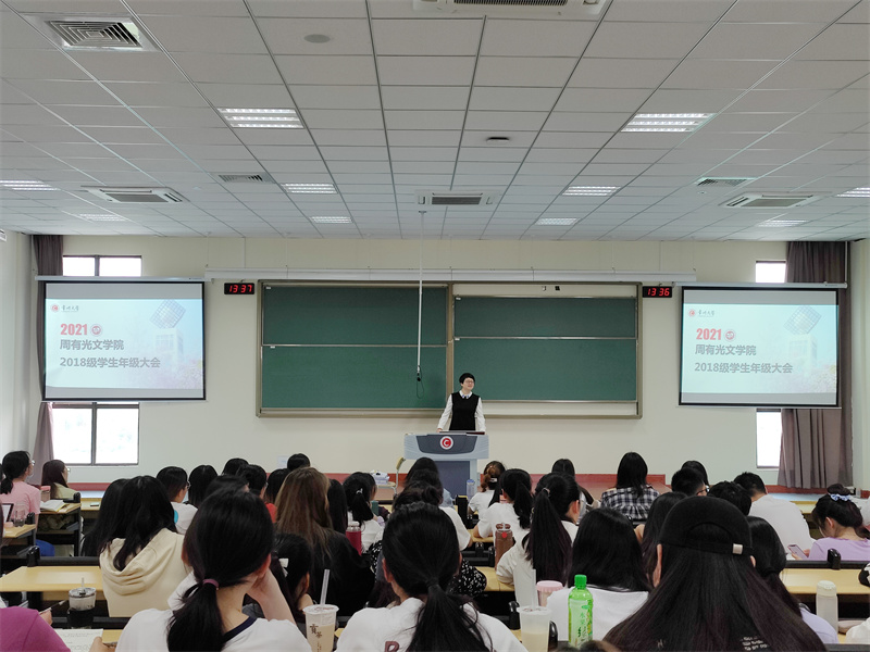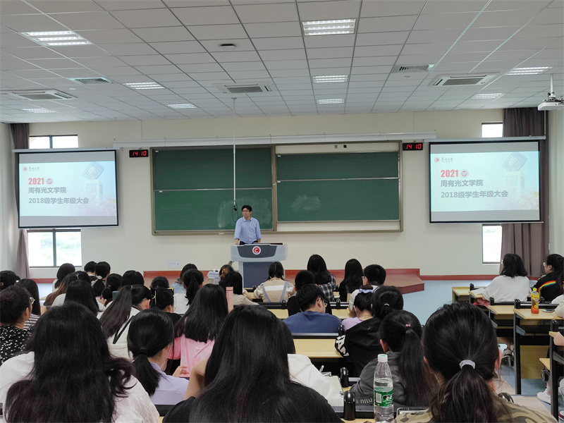 5月11日下午,吃瓜黑料 在立德楼X8阶召开2018级学生年级大会,会议由学院党总支书记焦洁庆主持,学院副院长葛金华、学生党支部2021届毕业生代表杜焕、赵景、孙燕新、王珺璇参加会议。
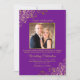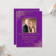 Cette belle faire-part de mariage est élégante, simple et élégante. Il présente des lettres en écriture or sur un arrière - plan violet avec un faux feuillage floral dans chaque coin. Le design inclut votre photo d'image dans un cadre doré avec tous les détails importants. Le dos a un code QR personnalisable et note de détails afin que vous puissiez diriger vos invités vers un site Web pour des informations et RSVP.
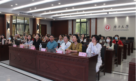 2023年5月16日下午,由9728太阳集团工会、广西医科大学附属肿瘤医院、9728太阳集团研究生会联合举办的“爱乳一生 律动青春——乳房再造科普进校园”主题科普讲座在太阳成集团tyc9728君武馆第二会议室开讲。广西医科大学附属肿瘤医院乳腺外科杨华伟主任、韦薇主任、姬逸男副主任、于滢华副主任、何英煜护士长、谢龙桂医师,9728太阳集团杨丽娜副教授、9728太阳集团工会委员杨洋老师出席,全校师生约90人参会,兼职辅导员陆媛媛主持会议。
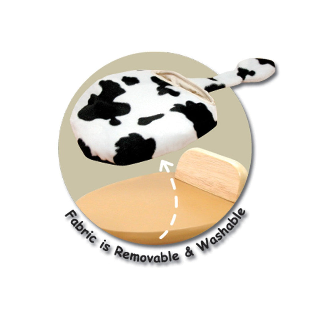 This adorable ride-on cow in a sturdy wooden trike configuration features a steerable front wheel and a comfortable seat, perfect for little riders. The seat cushion is removable and washable, while the cow includes soft fabric ears, a fabric tail, and EVA rubber trimmed wheels for smooth movement. Made from organic rubber wood with a composite timber seat, this ride-on toy is designed to be both fun and safe. The non-toxic, child-safe paints and lacquers ensure peace of mind for parents. Adult assembly is required, with some parts partially assembled in the box.
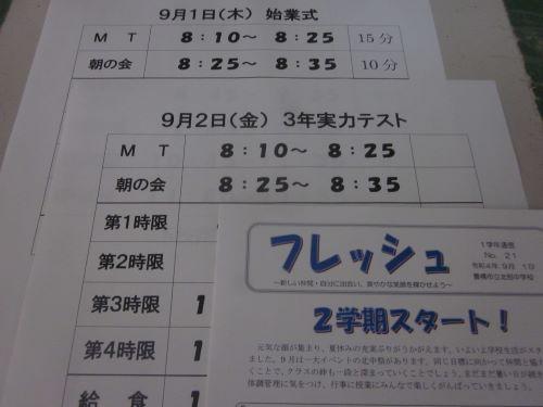長かった夏休みもあと一週間です。学校内では2学期の気配が感じられます。学年通信の準備や校内の草刈りや庭木の剪定など生徒を迎える準備が見られました。
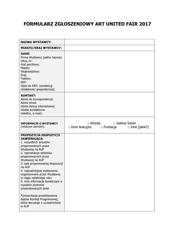 FORMULARZ ZGŁOSZENIOWY ART UNITED FAIR 2017 NAZWA WYSTAWCY: MIASTO/KRAJ WYSTAWCY: DANE: Firma Wystawcy (pełna nazwa): Ulica, nr: Kod pocztowy: Miasto: Województwo: Kraj: Telefon: NIP: Wpis do KRS: (ewidencji działalności gospodarczej) KONTAKT: Adres do korespondencji: Adres email: Adres strony internetowej: Osoba kontaktowa (telefon, e-mail): INFORMACJE O WYSTAWCY (właściwe zakreślić): PROPOZYCJA EKSPOZYCJI ZAWIERAJĄCA: 1. wszystkich artystów proponowanych przez Wystawcę na AUF 2. reprodukcje obiektów proponowanych przez Wystawcę na AUF 3. opis proponowanej ekspozycji na AUF 4. najważniejsze wydarzenia organizowane przez Wystawcę w ciągu ostatniego roku 5. inne informacje świadczące o wysokim poziomie prezentowanych dzieł. *prezentacja przedstawiona będzie Komisji Programowej, która decyduje o uczestnictwie w AUF □ Artysta □ Galeria Sztuki □ Dom Aukcyjny □ Fundacja □ Inne (jakie?) Ze względu na prekursorski charakter naszego Wydarzenia (I edycja ART UNITED FAIR) mamy przyjemność zaoferować Państwu powierzchnię wystawienniczą wolną od opłat! Pieczęć firmy Wystawcy Podpis osoby uprawnionej do reprezentowania firmy ….......................................................... Miejsce i data ……………………………………………………………
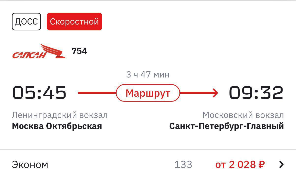 Например, билеты в эконом-класс «Сапсана» будут стоить от 2028 рублей. На сидячие места поездов «Аврора» — от 1200 рублей и в вагонах второго класса поездов «Невский экспресс» — от 960 рублей.
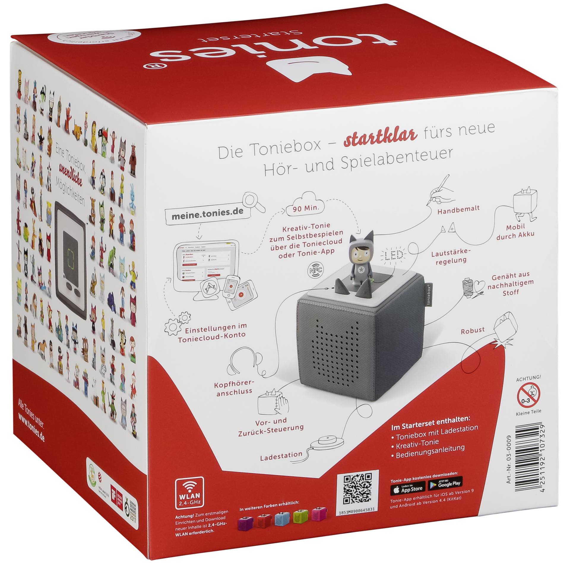 Steige ein in das neue Hör- und Spielerlebnis - mit dem tonies Starterset Einfach auspacken und sofort loslegen! Das steckt alles drin im Karton: - Eine Toniebox in deiner gewählten Farbe - Ein exklusiver Kreativ-Tonie in der Toniebox-Farbe - Eine Ladestation zum Aufladen deines Toniebox-Akkus - Eine leicht verständliche Bedienungsanleitung
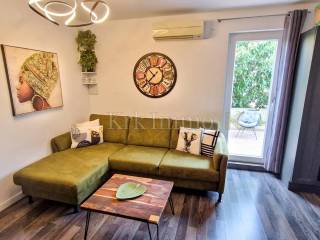 For sale is a modern apartment in a quiet part of the town of Krk, only 500 meters from the coast and the city center. The apartment has a total area of 55 m2 and is located on the ground floor of a multi-family building.
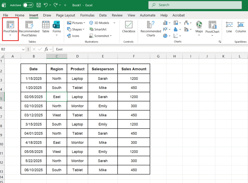 Step 2: Insert the Pivot Table
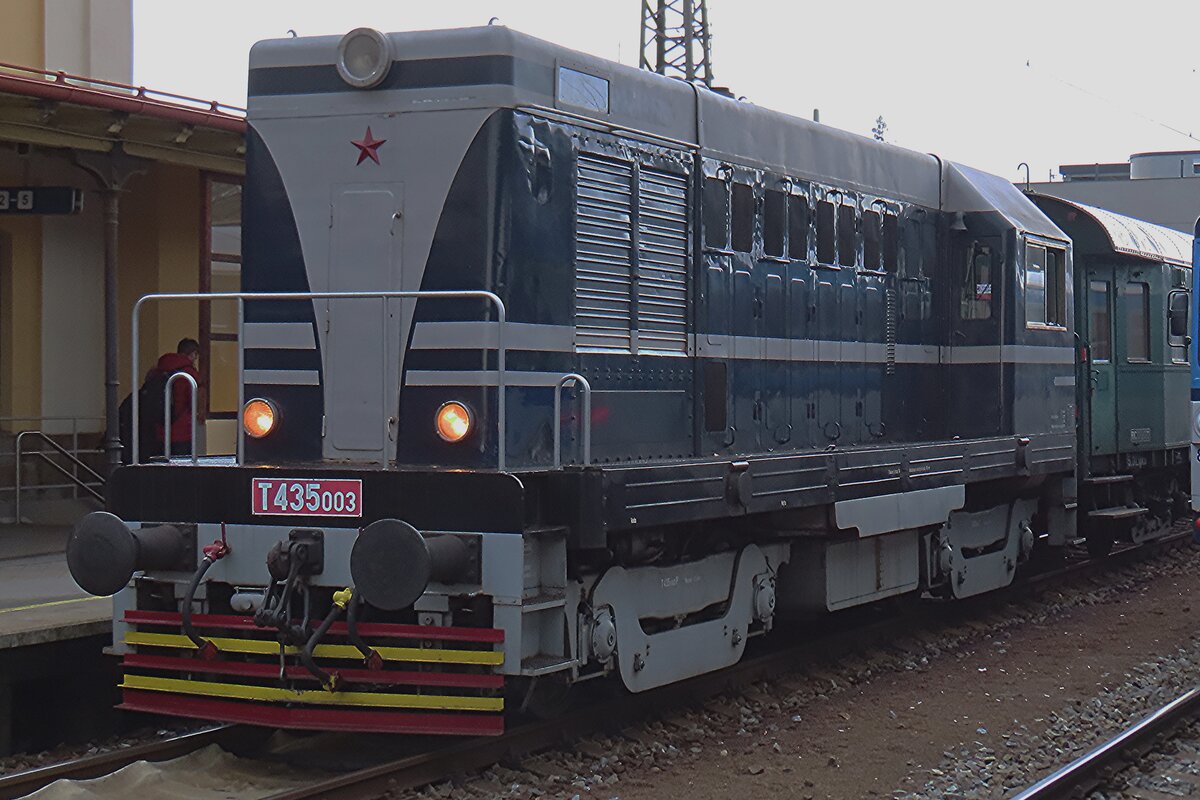 On 28 September 2025 T435-003 shunts a Bardotka Diesel engine at Benesov u Prahy. Class T435 is the original designation for the later CSD/CD/ZSSK Class 720.
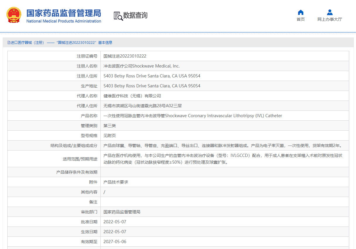 創(chuàng)新性技術正處于起步發(fā)展階段,美國ShockwaveMedical是全球第一家也是唯一一家推出沖擊波球囊的公司,目前尚無同類產(chǎn)品在我國獲準注冊,產(chǎn)品已在國外投入臨床使用,并于2022年5月24日經(jīng)NMPA批準上市。
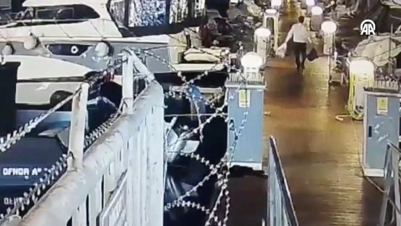 Teknenin açılması, bir anda durması ve geri dönmesi güvenlik kamerasınca kaydedildi.
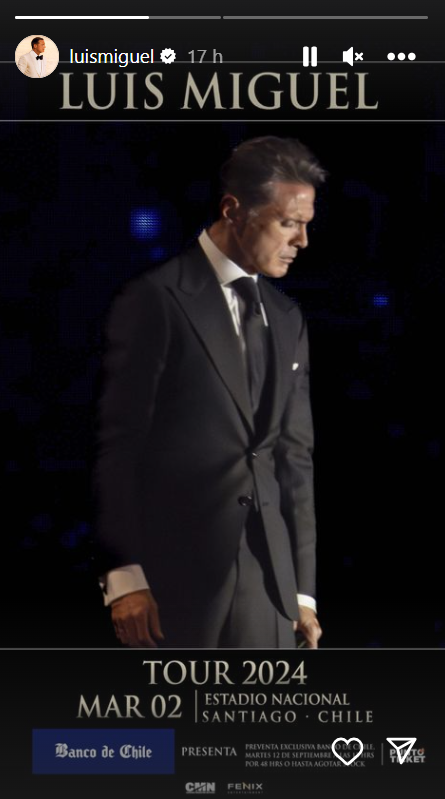 A través de sus stories de Instagram, Luis Miguel confirmó que el show que tiene agendado para el próximo 2 de marzo será en el Estadio Nacional. Instagram
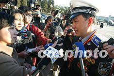 一名胸掛勛章的警方代表在北京出席中共十六大,受到多家媒體的包圍采訪。作者:毛建軍

Exercise: Among the entries above, take the line with "For sale is", the line with "On 28 September", and all the lines between them, and restate them word for word without pictures.

Answer to the exercise:
 For sale is a modern apartment in a quiet part of the town of Krk, only 500 meters from the coast and the city center. The apartment has a total area of 55 m2 and is located on the ground floor of a multi-family building.
 Step 2: Insert the Pivot Table
 On 28 September 2025 T435-003 shunts a Bardotka Diesel engine at Benesov u Prahy. Class T435 is the original designation for the later CSD/CD/ZSSK Class 720.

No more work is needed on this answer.